Reprezentacja Danii przegrała z Anglią (1:2) w półfinale Euro 2020. O zwycięstwie zespołu Garetha Southgate'a zadecydował gol strzelony po kontrowersyjnym rzucie karnym. – Tej "jedenastki" nie było – podkreślił Michał Listkiewicz, były sędzia międzynarodowy, na antenie TVP.
Sędzia Danny Makkelie w dogrywce podyktował rzut karny za wątpliwy faul Joakima Maehle na Raheemie Sterlingu. Z kolei wcześniej arbiter nie odgwizdał "jedenastki" za przewinienie Christiana Norgarda na Harrym Kanie.
– Pozostaje olbrzymi niesmak.
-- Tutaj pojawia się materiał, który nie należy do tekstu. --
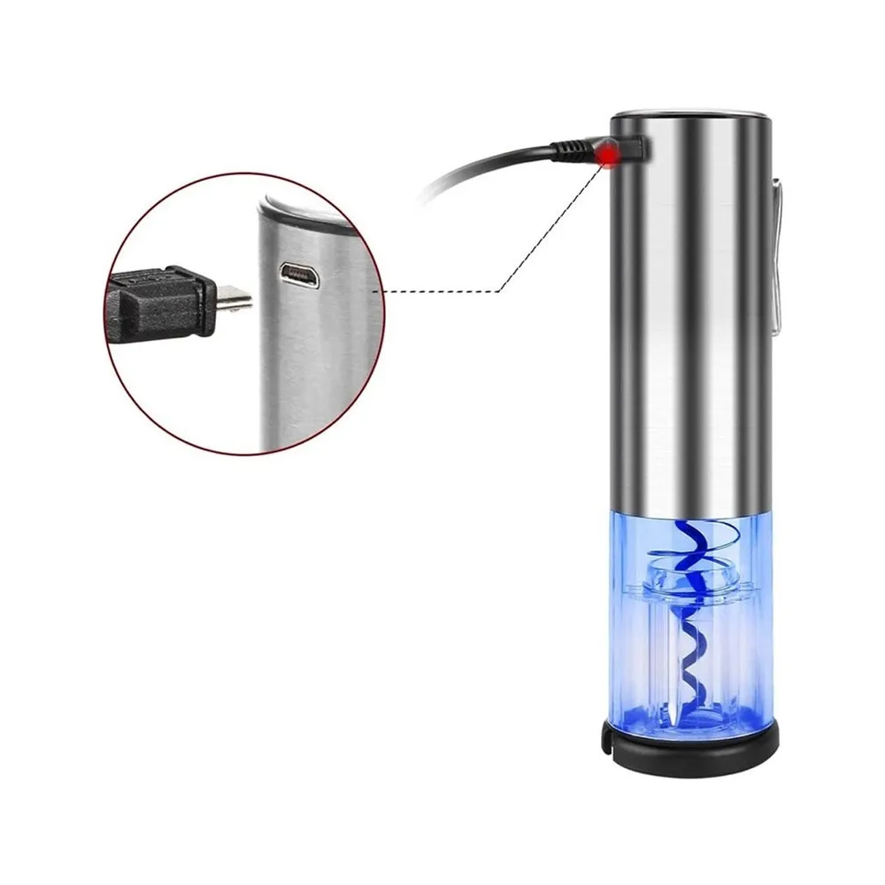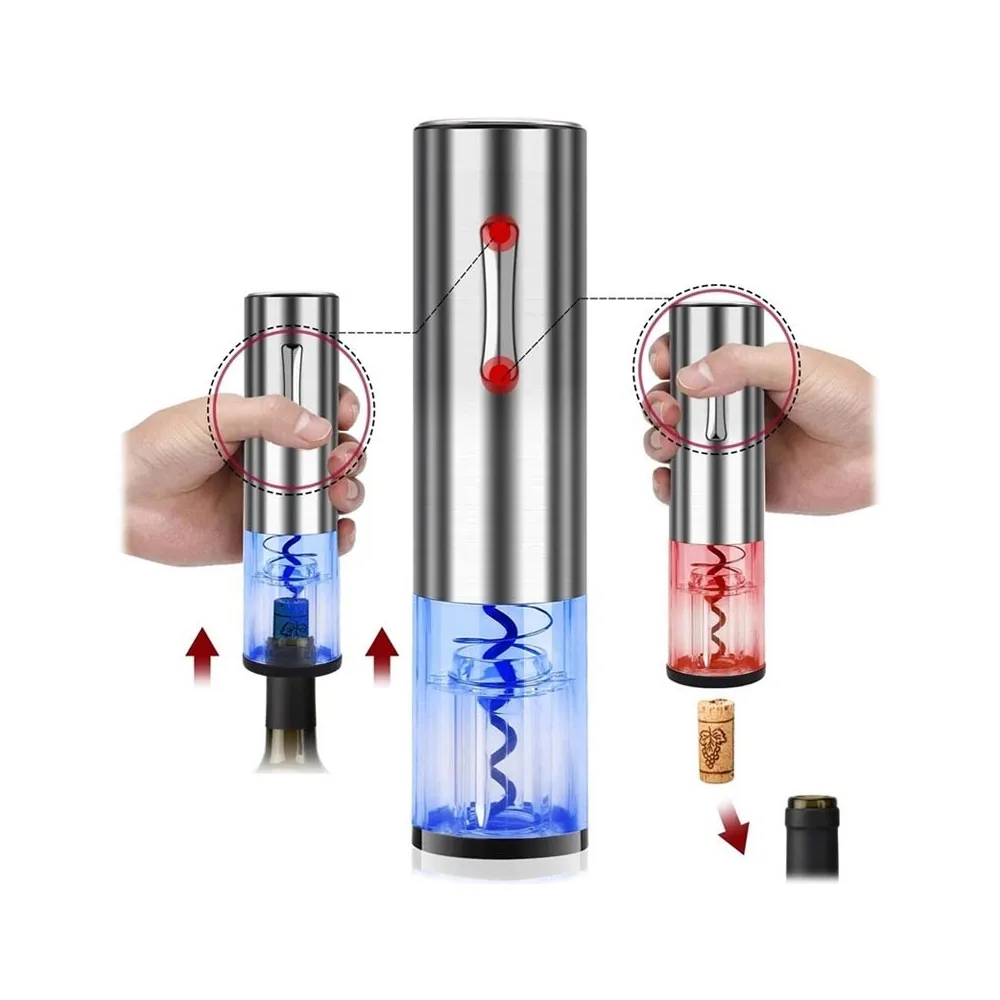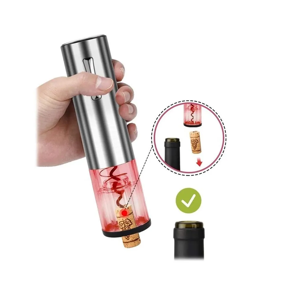 Cu acest dispozitiv, puteți deschide sticlele de vin fără efort. Poate fi utilizat cu orice sticlă cu o lățime a gâtului de până la 35mm, și are un acumulator care permite până la 50 de utilizări. Inclus în cutie este un cutter de folie, precum și un cablu de încărcare MicroUSB.

To były dwa wielkie błędy – podkreślił Jakub Wawrzyniak, były reprezentant Polski.
– Co do sytuacji z dogrywki, to tego rzutu karnego nie było. Protokół VAR mówi, że jeżeli jest kontakt, to sędzia główny decyduje. Arbiter dla swojego spokoju powinien obejrzeć sytuację na powtórkach. To też dyskusja na temat protokołu VAR-u. Trzeba to udoskonalić – zaznaczył Michał Listkiewicz, były sędzia międzynarodowy.
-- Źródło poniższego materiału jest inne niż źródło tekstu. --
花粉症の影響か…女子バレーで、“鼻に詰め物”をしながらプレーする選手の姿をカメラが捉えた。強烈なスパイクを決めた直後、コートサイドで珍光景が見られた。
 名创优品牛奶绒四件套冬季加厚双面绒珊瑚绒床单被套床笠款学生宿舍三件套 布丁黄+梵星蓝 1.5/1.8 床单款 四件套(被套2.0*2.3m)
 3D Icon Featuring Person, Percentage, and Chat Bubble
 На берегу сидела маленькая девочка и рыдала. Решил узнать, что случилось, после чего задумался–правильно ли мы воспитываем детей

– VAR dzisiaj odsiedział swoje. Tych panów było kilku. Paweł Gil, który był w tym gronie, nie mógł nic zrobić, bo decydował główny sędzia VAR. Dzisiaj skupiamy się na dwóch najważniejszych momentach, ale błędów było trochę więcej. Mecz poszedł Makkeliemu nie najlepiej. Gdy nie trzeba było dawać kartki, dawał. Dwóch-trzech kartoników nie pokazał – dodał Listkiewicz.